Source records:
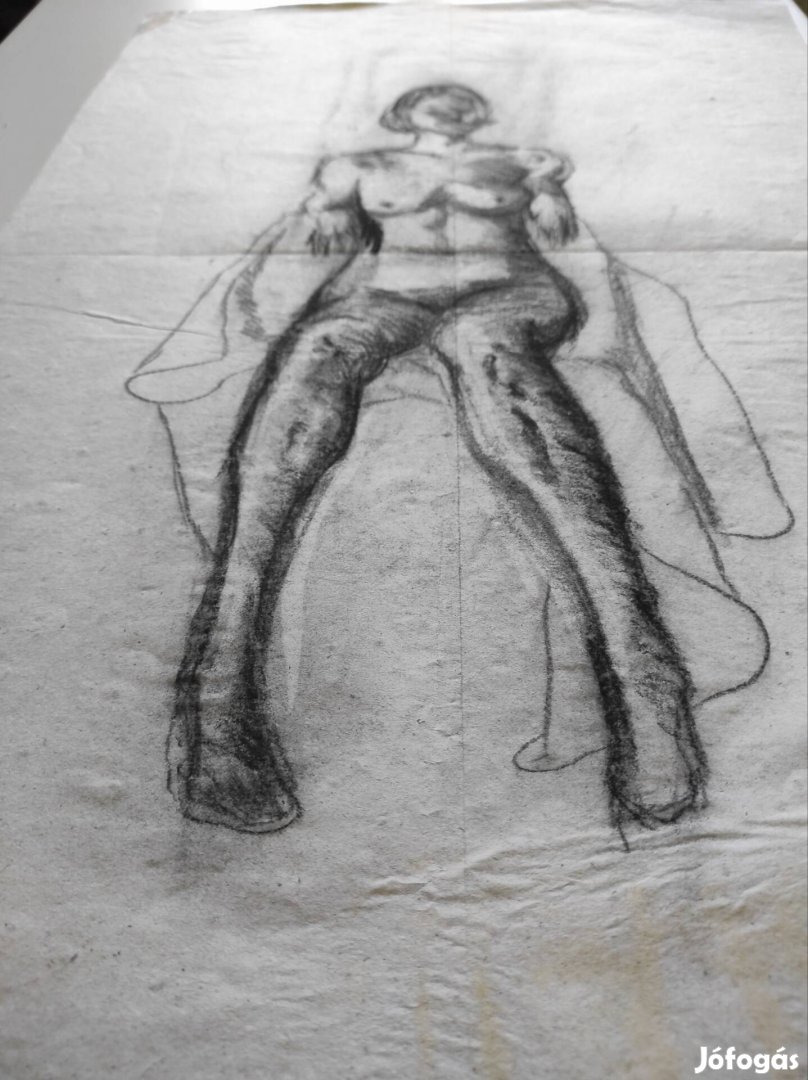 Kb. A4-es méretű (kicsit nagyobb..) papírra készült akt, szénrajz.
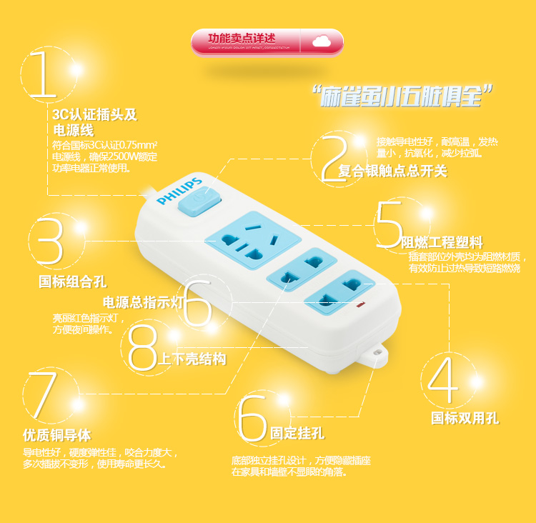 首页 > 积分商城 > 飞利浦控插线板 拖线板插座排插接线板SPN2232WA/93
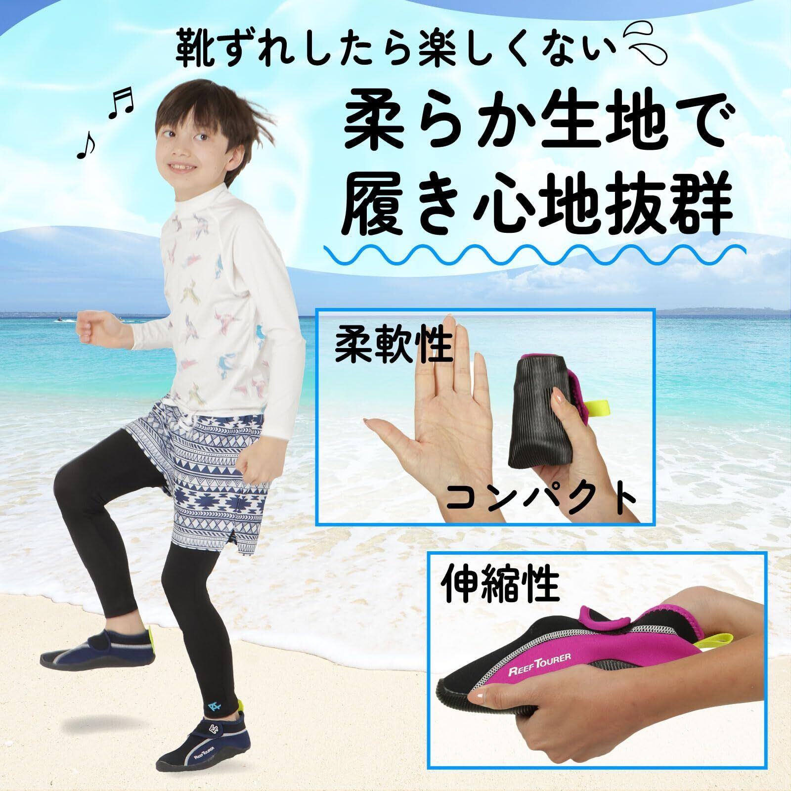 【マリンシューズで足を守ろう】海辺や川辺はそのきれいなイメージとは裏腹に、鋭利な石、貝殻、サンゴ、ガラス片などがあり、裸足で歩くと簡単に足を傷つける危険がゴロゴロしています。そんな危険から足を守るために、水遊びには是非マリンシューズを履くことをお勧めします。また、噴水広場やじゃぶじゃぶ池でも、そのまま入ると足の感染症(例:水虫やウイルス性イボなど)にかかりやすくなるので、衛生面でも自分のシューズを着用すると安心です。REEFTORER(リーフツアラー)のマリンシューズは動きやすさも重視して作られているので活発に動いても脱げにくく、遊びやすいのでキャンプやSUP、カヤックなどのアウトドアシーンでも活躍します。
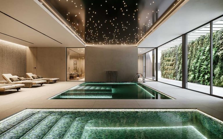 The project also enjoys easy access to the tranquil beaches of Bahia Dorada and Playa de la Galera in Estepona, which stand out for the colors reflected in their waters, with shades ranging from the darkest green to the lightest blue. The Place Alacazaba offers exclusive facilities to enhance the well-being and comfort of its residents. These include a state-of-the-art spa with a variety of treatments, a modern sauna for relaxation and detoxification, and a gym equipped with advanced technology.
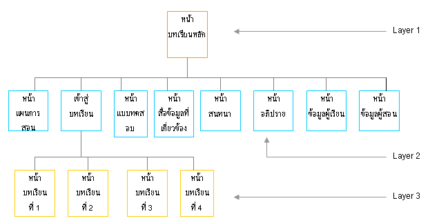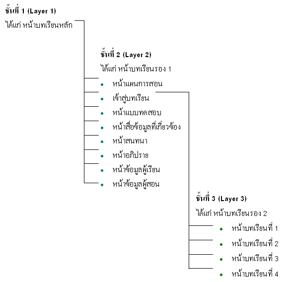 รูปแบบโครงสร้างเวปแบบลำดับชั้น (Hierarchy) ที่นำมาปรับเป็นโครงสร้างของ Web-Based Instruction จากภาพนั้น จะเห็นได้ว่าโครงสร้างเวปแบ่งได้ 3 ลำดับชั้นด้วยกัน แผนภาพต้นไม้ เราสามารถเขียนเป็นแผนภาพต้นไม้ (Root Tree) ได้ดังนี้
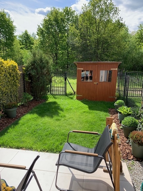 Całości dopełnia ładnie zagospodarowany ogródek wraz z domkiem narzędziowym.
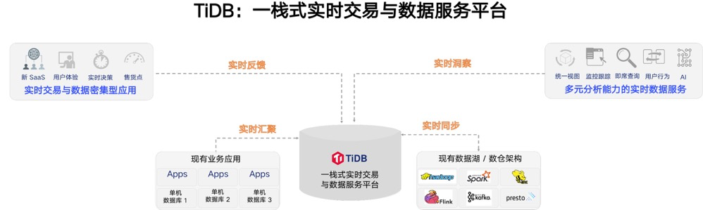 TiDB 的定位便是如此,以一个统一的数据服务层,同时面对海量交易和实时分析,能够满足巨大的吞吐量和各种各样的数据分析要求。作为一个原生的分布式数据库,TiDB 可以从 1 TB 扩展到 1 PB,从单机版数据库覆盖的范围,一直拓展到大数据覆盖的范围。同时,开放的 TiDB 还可以和其他大多数数据湖、数据仓库架构相融合。

### PROMPT
Set down again, word for word, every line from the one with "(Root Tree) ได้ดังนี้" to the one with "Całości dopełnia ładnie" in the entries above, and omit the pictures.

### SOLUTION FOR THIS TASK
 รูปแบบโครงสร้างเวปแบบลำดับชั้น (Hierarchy) ที่นำมาปรับเป็นโครงสร้างของ Web-Based Instruction จากภาพนั้น จะเห็นได้ว่าโครงสร้างเวปแบ่งได้ 3 ลำดับชั้นด้วยกัน แผนภาพต้นไม้ เราสามารถเขียนเป็นแผนภาพต้นไม้ (Root Tree) ได้ดังนี้
 Całości dopełnia ładnie zagospodarowany ogródek wraz z domkiem narzędziowym.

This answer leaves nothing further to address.